During the coronavirus pandemic, many of the mortality projections needed to be adjusted relatively frequently, mostly because they failed to account for unforeseen behavioral responses by people represented in the model. Behavioral responses that are emotionally derived, based upon the interpretations of the events transpiring around them – demonstrating the importance of these subjective metrics at a larger level.

But at an individual level, telemedicine can provide the ongoing communication necessary to glean changes in patient behavior that arise from perception changes.

Healthcare models should integrate telemedicine as a complementary tool to focus on the subjective aspects of patient behavior that adversely impact patient behavior. For example, a patient may perceive her hypertension to be inconsequential to her overall health, but after experiencing a hypertensive crisis requiring an emergency visit to the hospital, she perceives her condition to be serious and changes her lifestyle to account for that change in behavior. That behavioral change is a reaction to an existing frame of reference that can be reinforced with ongoing telemedicine visits.

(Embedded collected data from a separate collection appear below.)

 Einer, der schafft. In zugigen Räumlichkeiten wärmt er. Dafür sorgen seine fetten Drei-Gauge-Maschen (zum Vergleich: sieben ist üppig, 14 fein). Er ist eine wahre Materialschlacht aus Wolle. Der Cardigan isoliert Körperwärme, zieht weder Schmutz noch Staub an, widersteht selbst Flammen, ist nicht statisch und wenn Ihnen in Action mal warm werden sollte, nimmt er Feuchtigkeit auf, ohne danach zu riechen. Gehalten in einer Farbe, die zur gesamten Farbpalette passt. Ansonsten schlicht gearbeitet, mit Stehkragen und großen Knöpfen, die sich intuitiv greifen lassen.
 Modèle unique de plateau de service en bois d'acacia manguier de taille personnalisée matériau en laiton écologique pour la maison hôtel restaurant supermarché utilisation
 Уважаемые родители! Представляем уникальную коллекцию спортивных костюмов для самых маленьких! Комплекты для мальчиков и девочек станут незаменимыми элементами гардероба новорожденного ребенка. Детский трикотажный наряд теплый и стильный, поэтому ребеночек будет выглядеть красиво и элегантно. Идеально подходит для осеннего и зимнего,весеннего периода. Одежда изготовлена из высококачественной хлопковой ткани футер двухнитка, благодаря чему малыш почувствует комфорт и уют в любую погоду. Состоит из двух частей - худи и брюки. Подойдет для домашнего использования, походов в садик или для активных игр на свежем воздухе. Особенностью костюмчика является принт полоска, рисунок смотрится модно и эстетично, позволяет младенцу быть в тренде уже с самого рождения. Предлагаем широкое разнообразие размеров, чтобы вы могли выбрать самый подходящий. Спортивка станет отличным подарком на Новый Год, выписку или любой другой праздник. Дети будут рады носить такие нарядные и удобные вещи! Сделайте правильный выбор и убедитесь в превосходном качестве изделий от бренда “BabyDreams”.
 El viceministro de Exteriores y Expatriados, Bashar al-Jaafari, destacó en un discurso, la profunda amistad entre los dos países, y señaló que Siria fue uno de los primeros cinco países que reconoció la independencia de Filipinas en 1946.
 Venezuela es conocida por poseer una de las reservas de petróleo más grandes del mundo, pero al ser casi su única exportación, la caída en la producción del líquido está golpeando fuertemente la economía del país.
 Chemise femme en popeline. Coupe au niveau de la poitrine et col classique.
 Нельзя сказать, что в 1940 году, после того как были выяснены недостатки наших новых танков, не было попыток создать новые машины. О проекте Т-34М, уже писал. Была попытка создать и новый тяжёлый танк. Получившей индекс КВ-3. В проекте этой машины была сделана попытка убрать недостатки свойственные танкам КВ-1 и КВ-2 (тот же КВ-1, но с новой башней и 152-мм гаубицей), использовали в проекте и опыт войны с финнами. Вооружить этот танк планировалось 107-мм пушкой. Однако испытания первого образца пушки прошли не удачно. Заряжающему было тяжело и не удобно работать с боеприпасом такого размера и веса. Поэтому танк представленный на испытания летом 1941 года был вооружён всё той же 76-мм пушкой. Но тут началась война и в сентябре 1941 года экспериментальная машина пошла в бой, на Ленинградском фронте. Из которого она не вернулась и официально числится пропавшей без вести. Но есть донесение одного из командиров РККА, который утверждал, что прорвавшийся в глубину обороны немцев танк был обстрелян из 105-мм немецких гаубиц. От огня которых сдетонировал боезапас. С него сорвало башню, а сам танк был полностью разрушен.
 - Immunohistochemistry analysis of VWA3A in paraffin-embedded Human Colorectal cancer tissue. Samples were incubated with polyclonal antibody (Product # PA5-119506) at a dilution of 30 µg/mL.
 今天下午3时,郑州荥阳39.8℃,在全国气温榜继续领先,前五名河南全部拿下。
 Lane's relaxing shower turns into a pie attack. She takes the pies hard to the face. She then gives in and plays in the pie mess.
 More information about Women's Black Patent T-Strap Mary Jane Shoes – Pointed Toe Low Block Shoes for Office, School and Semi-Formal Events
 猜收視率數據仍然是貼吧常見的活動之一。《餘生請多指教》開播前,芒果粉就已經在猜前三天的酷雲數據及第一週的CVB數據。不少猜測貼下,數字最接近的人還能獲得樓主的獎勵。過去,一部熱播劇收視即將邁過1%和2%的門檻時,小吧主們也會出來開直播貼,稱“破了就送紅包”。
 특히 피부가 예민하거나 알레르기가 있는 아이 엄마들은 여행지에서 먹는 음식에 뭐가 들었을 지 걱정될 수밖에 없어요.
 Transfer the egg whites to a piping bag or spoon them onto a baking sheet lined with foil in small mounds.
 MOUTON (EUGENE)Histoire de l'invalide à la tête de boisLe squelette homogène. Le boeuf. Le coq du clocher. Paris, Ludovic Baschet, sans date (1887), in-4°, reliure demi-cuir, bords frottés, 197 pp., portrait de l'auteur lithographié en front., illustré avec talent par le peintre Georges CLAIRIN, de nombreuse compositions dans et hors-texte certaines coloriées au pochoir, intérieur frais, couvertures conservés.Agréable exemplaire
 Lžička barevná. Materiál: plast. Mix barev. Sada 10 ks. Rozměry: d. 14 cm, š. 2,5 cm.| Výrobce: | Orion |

Healthcare is dynamic and complex, in state of perpetual interpretive flux. Healthcare systems that attempt to improve patient behavior without understanding the proper context of the underlying behavior, attempt to frame a decision model like a randomized clinical study. And will inevitably be limited in their success.

Unlike clinical studies, decisions are not made in sterile environments, and we should begin to explore models that utilize ongoing telemedicine visits as a complementary point of patient engagement to study changes in patient perceptions that influence healthcare behavior.

Patient perceptions are a complex concept, with a wide-ranging often unforeseen impact on patient care and outcomes. Changing perceptions affect patient behavior and can prompt clinically meaning reactions leading to a shift in decision-making. That we would miss in our traditional form of interval patient visits separated over week or months of time.

A study conducted by Pews Research Center found that 7/10 people thought trust was decreasing in the corporate world, but only 4/10 felt it was a problem – demonstrating an interesting shift in the perception of trust.

Trust in major institutions are giving way to trust in our own judgments and experiences. And this changing trend of trust affects not just the outlook for policymakers but for the outlook of telemedicine in the future of healthcare.

Patients are relying less on physicians as the absolute authority for their healthcare decision-making and turning to alternative sources – be it the internet or other mediums – to learn about their health. The result is a shift in trust away from one centralized source – the physician – and towards a whole host of alternatives.

Telemedicine can address the trust deficit that will arise among patients at this shift becomes more pronounced. And in the fast pace world of healthcare, that seems to only be moving faster, patients are overwhelmingly making decisions based upon their current perceptions and beliefs – and what they read the most, they trust the most.

The future of telemedicine is intimately tied to the changing trends in trust within healthcare. To predict how telemedicine will be used, study how patients trust their providers relative to other sources of healthcare information – that trend will portend the future of telemedicine.